How napping through the early innings helped Lee Smith reach the Hall of Fame

Paul Sullivan, Chicago Tribune on

Published in Baseball

COOPERSTOWN, N.Y. -- Former Cubs closer Lee Smith was asked during a Hall of Fame press briefing Saturday what he would say to a manager if asked to be an "opener" for an inning or two.

"It wouldn't work," Smith replied. "Because I was sleeping."

A little later at a separate briefing, Harold Baines was asked what Smith was like as a teammate with the Orioles.

"When he wasn't sleeping?" Baines said with a grin.

Smith was one of the greatest closers in baseball history, recording 478 saves over 18 seasons and, like Baines, getting into the Hall through the Veterans Committee vote. He'll join Yankees great Mariano Rivera, the all-time saves leader, on stage Sunday in a historic day for closers.

But one thing some fans don't know about "Big Lee" is he also was considered perhaps the greatest napper in baseball history, an unofficial designation Smith was only too happy to discuss on the eve of his induction.


"Man, there was nothing like waking up with a three-run lead, dude," he said.

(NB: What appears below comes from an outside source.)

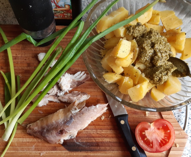 Zimne ziemniaki rozgrzać wrzucając na chwile do wrzącej wody. Obrać ze skórki, Pokroić. Makrelę obrać ze skórki i ości, podzielić na cząstki. Szczypior razem z cebulką posiekać (trochę pozostawić). Pomidor pokroić w półplasterki. Ziemniaki wymieszać z pesto w dowolnej ilości, lecz by było dobrze wyczuwalne. Dodać pozostałe składniki (bez pomidora). Wymieszać, dodać oliwę, jeśli peso zbyt suche. Posolić do smaku, popieprzyć. Przybrać pomidorem i pozostawionym szczypiorem.

Smith, who dominated the late innings for years with his size and power arm, insisted he could nap anywhere, including the clubhouse floor at County Stadium in Milwaukee.

"I could actually sleep right in the middle of the floor, and guys would step over me," he said. "It was like, 'Man, how do you do it?' I was like, 'Throw a towel over my face and I'm out, man.'

"The trainer's job was to make sure I was up in the sixth inning. I was always able to relax, and I think that helped out (my career) a lot."